**Required work**
Everything below from the line with "Materiales: Estructura de" through the line with "Blue and White Striped Hemnes Dresser." must be retyped exactly, except the pictures.

[Data for this task Boundary: Start]

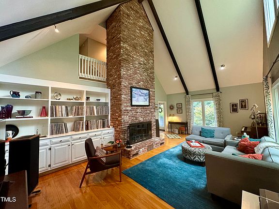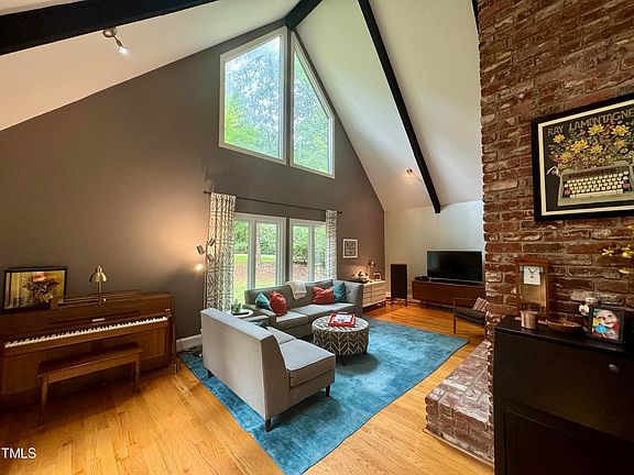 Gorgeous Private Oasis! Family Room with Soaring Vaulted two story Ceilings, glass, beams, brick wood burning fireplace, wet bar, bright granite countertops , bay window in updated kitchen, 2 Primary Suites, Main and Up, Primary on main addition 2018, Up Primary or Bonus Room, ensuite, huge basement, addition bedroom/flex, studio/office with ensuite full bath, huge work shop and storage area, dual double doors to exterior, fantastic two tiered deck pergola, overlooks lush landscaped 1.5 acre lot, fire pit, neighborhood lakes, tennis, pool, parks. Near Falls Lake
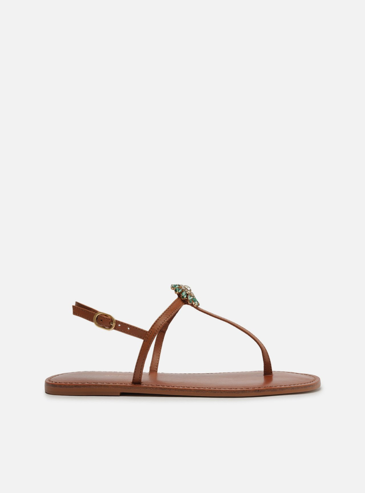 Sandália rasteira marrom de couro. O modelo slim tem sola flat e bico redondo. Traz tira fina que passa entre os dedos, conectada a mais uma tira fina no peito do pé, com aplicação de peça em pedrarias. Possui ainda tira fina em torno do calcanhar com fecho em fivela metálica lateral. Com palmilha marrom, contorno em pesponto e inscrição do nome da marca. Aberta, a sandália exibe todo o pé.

[Data for this task Boundary: End]
[Data for this task Boundary: Start]

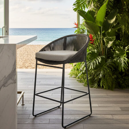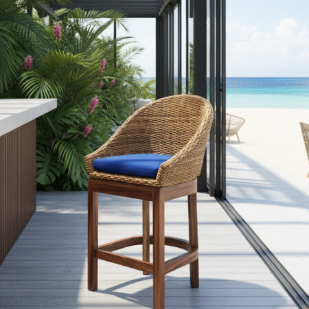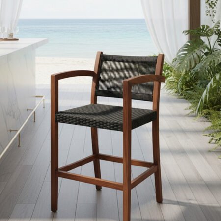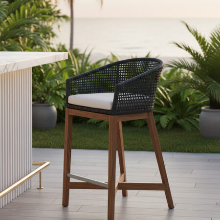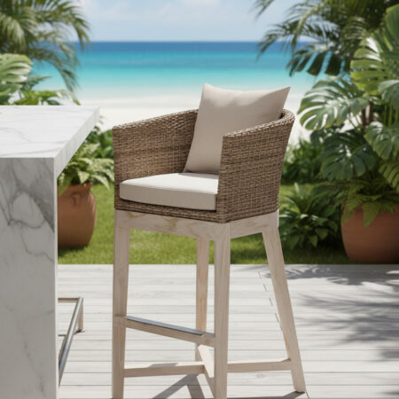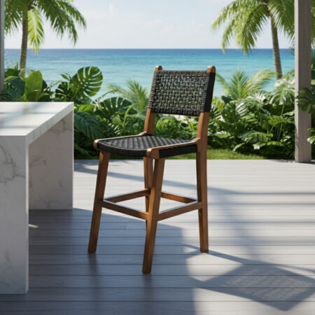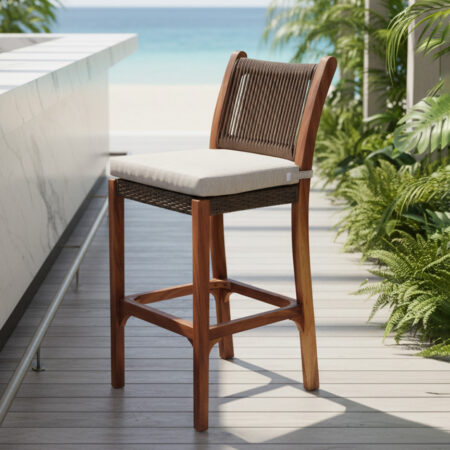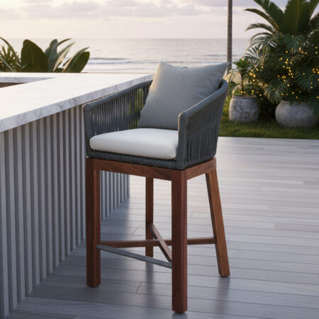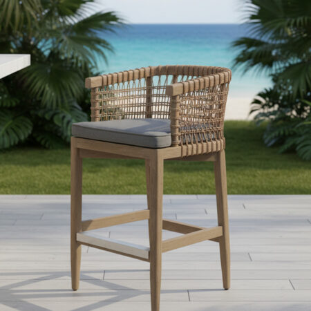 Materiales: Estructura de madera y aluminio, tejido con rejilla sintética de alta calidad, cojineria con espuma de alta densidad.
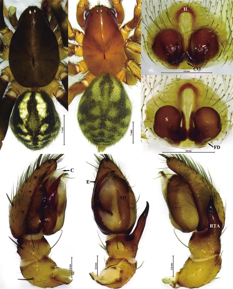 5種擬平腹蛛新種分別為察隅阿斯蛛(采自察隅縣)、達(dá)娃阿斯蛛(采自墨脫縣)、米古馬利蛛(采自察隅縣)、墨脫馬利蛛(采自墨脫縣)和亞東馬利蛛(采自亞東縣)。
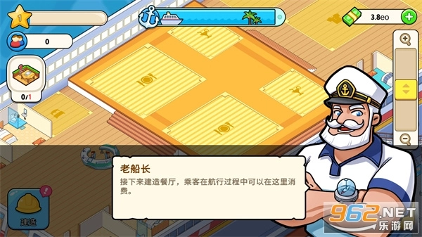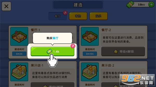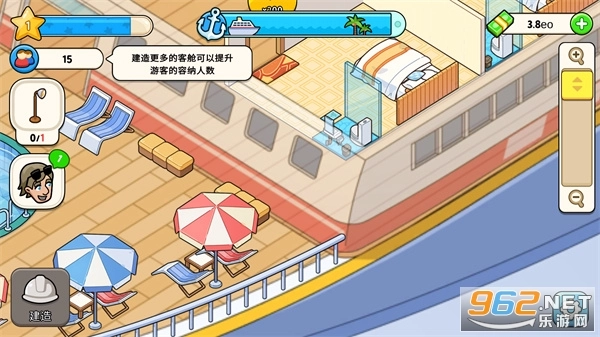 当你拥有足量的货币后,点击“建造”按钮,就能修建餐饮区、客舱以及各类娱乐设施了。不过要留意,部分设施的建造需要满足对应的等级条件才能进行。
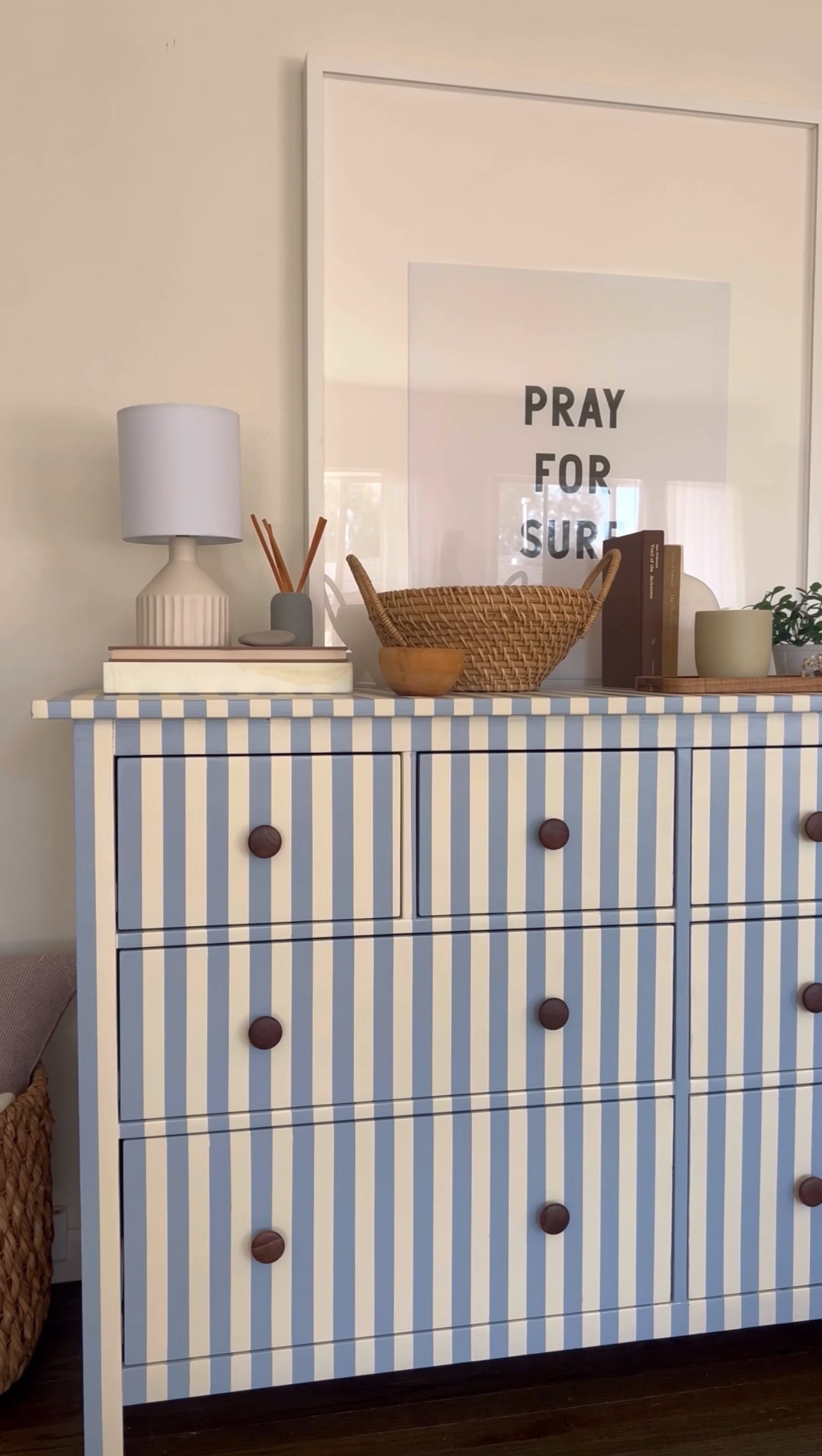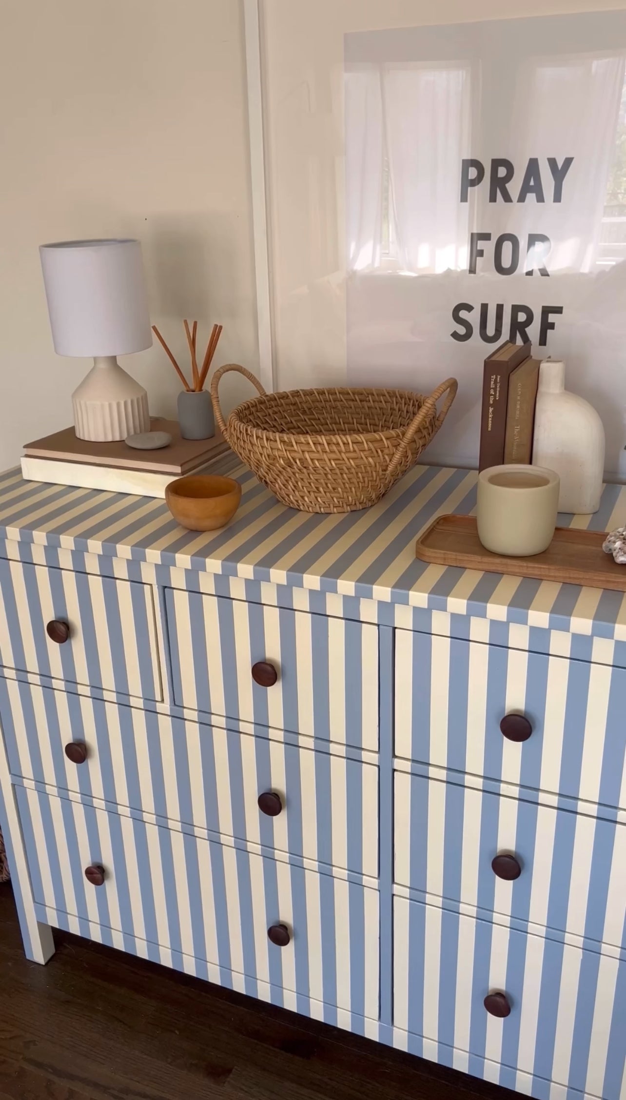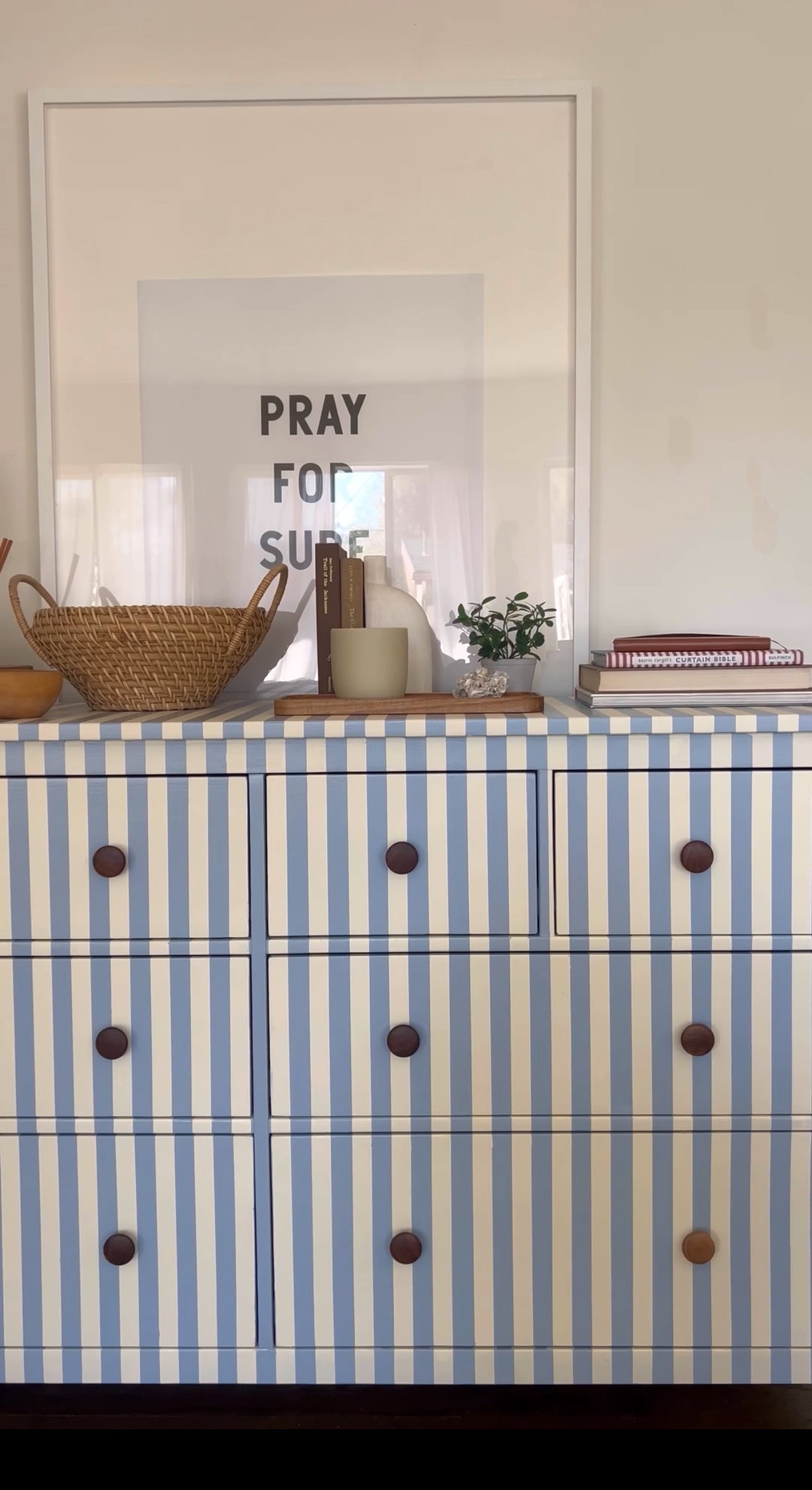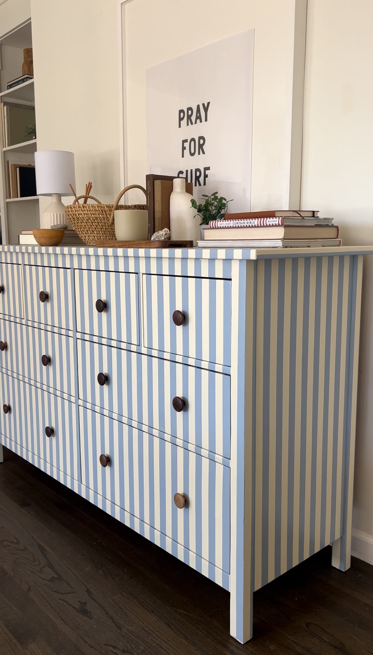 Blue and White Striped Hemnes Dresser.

[Data for this task Boundary: End]
[Data for this task Boundary: Start]

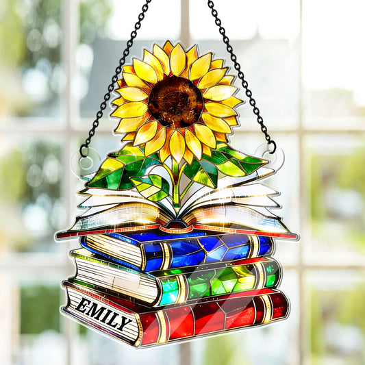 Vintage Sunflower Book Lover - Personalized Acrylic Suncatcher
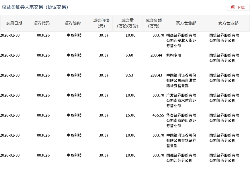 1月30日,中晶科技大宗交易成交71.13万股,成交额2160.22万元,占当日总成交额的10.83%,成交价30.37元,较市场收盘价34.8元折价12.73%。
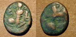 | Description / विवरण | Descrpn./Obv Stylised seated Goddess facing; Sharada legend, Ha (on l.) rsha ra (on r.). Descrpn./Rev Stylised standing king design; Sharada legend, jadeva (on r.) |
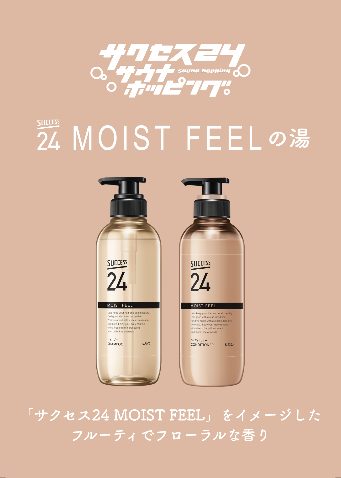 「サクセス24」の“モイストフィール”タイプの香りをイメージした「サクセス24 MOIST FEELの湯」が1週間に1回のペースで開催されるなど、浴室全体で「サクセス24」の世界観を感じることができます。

[Data for this task Boundary: End]

**Reply**
 Materiales: Estructura de madera y aluminio, tejido con rejilla sintética de alta calidad, cojineria con espuma de alta densidad.
 5種擬平腹蛛新種分別為察隅阿斯蛛(采自察隅縣)、達(dá)娃阿斯蛛(采自墨脫縣)、米古馬利蛛(采自察隅縣)、墨脫馬利蛛(采自墨脫縣)和亞東馬利蛛(采自亞東縣)。
 当你拥有足量的货币后,点击“建造”按钮,就能修建餐饮区、客舱以及各类娱乐设施了。不过要留意,部分设施的建造需要满足对应的等级条件才能进行。
 Blue and White Striped Hemnes Dresser.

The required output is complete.